Freehand Interaction
Real world physics
Full Hand Occlusion
To evaluate the experience of free-hand interactions in smartphone AR, we developed an initial prototype system. Its design and construction was informed by the latest literature on interactions in AR. For hardware, we used a Samsung S9+ Android smartphone and a Leap Motion hand-tracking controller, and we developed our AR software system with Google ARCore and Unity SDK. System Setup section described in detail the final hardware and software system we used for Portal-ble
To identify critical usability issues in free-hand AR interactions, we employed a methodology called experience prototyping, which exposes issues in usability by recruiting users to interact with our initial prototype (more detailed is covered in the next section). By using this method, we discovered four main usability issues, all of which greatly informed and guided the final design and implementation of Portal-ble. We evaluated our system by conducting a user study with 12 participants. The result of the user study showed that Portal-ble has effectively alleviated or resolved the usability issues.
24 participants were recruited to complete two types of tasks - one content manipulation task and one content creation task - with our initial smartphone prototype. Content manipulation means to interact with virtual objects via means like selection, rotation, or translation. Some examples of the tasks designed are throwing darts, stacking cubes, and picking up lamps. Content creation refers to draw in mid-air directly using hands. Participants might be asked to draw cubes, write their names, or draw lines across a room.
Each session with the participants are video-recorded and participants were asked to think aloud during the tasks. Interviews were conducted after the sessions to specifically gather information about their experiences and problems encountered. The usability issues we identified are discussed in the Findings section.
We analyzed data and information collected from our experience prototyping sessions, and categorized the major usability issues into the four listed below. The title lines of the issues are directly quoted from the aforementioned UIST paper.
Issue 1 (I1): "Participants hesitated when approaching distant virtual objects."
Participants found it to be challenging to estimate exactly how far away virtual objects were from them, although they could walk in the general direction towards the objects.
Issue 2 (I2): "Participants were uncertain how to map the spatial distance to virtual objects."
Participants did not know how far they should stretch their arms and hands out to interact with virtual objects, although they were within the participants’ reach.
Issue 3 (I3): "Participants experienced difficulties picking up and releasing virtual objects, aggravated by unintentional dropping."

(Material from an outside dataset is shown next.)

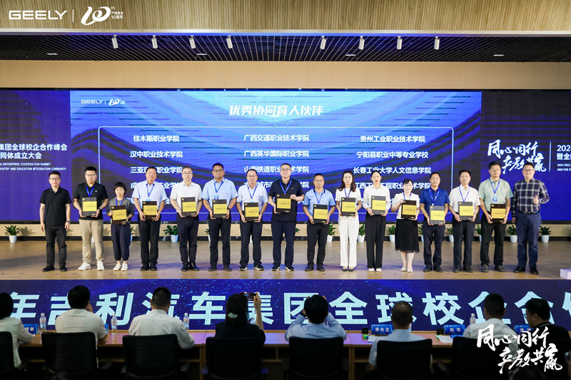 今年的峰会以“同心同行,产教共赢”为主题,旨在深化职普融通、科教融汇、产教融合,推动产、学、研、用协同发展,加快构建现代职业教育体系,促进行业技能人才培养。会上,学院荣获“2023 年度吉利汽车校企合作优秀协同育人伙伴”奖项,这一荣誉是对学院长期以来在校企合作领域辛勤耕耘和不懈努力的高度认可,也是对学院与吉利汽车携手共进、协同育人成果的最好证明。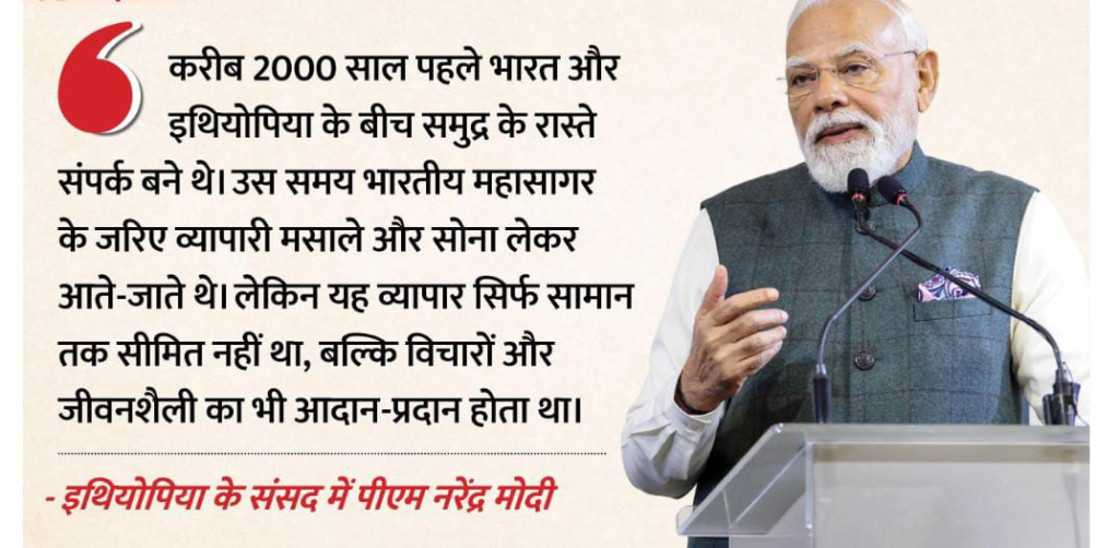पीएम मोदी ने बताया कि करीब 2000 साल पहले भारत और इथियोपिया के बीच समुद्र के रास्ते संपर्क बने थे। उस समय भारतीय महासागर के जरिए व्यापारी मसाले और सोना लेकर आते-जाते थे। लेकिन यह व्यापार सिर्फ सामान तक सीमित नहीं था, बल्कि विचारों और जीवनशैली का भी आदान-प्रदान होता था। उन्होंने कहा कि अदीस अबाबा और धोलावीरा जैसे बंदरगाह सिर्फ व्यापार केंद्र नहीं थे, बल्कि सभ्यताओं को जोड़ने वाले पुल थे।

Some participants reported that sometimes virtual objects they were grabbing would drop from their hands, although they had no intentions to do so. Others had difficulties picking up virtual objects.
Issue 4 (I4): "Participants lack a general mental model for free-hand direct manipulation on the smartphone."
We observed that various strategies were used by participants to figure out how to manipulate virtual objects with their hands. In order to find the right distance to pick up a virtual object, some moved their hands around while keeping the smartphone still, while some others simultaneously adjusted their hand and smartphone positions.
We further categorized I1 and I2 as perception issues, I3 as manipulation issues, and I4 as behavior issues. We developed Portal-ble feedback mechanisms to mainly address I1 and I2. Solutions to all issues are illustrated in the Solutions section.
Portal-ble consists of a set of hardware and an open-source software.
The main hardware component is a Samsung S9+ Android phone equipped with a dual-lens RGB camera. To track users’ hand movements, a Leap Motion controller is attached to the smartphone’s back via a customized 3D-printed mount with suction cups.
The AR interaction logic is developed using Unity SDK and Google’s ARCore SDK. In order to sync hand data tracked by Leap Motion to Unity and ARCore, we used an external portable computation unity (a computer stick + a power bank) to relay the data to the smartphone wirelessly.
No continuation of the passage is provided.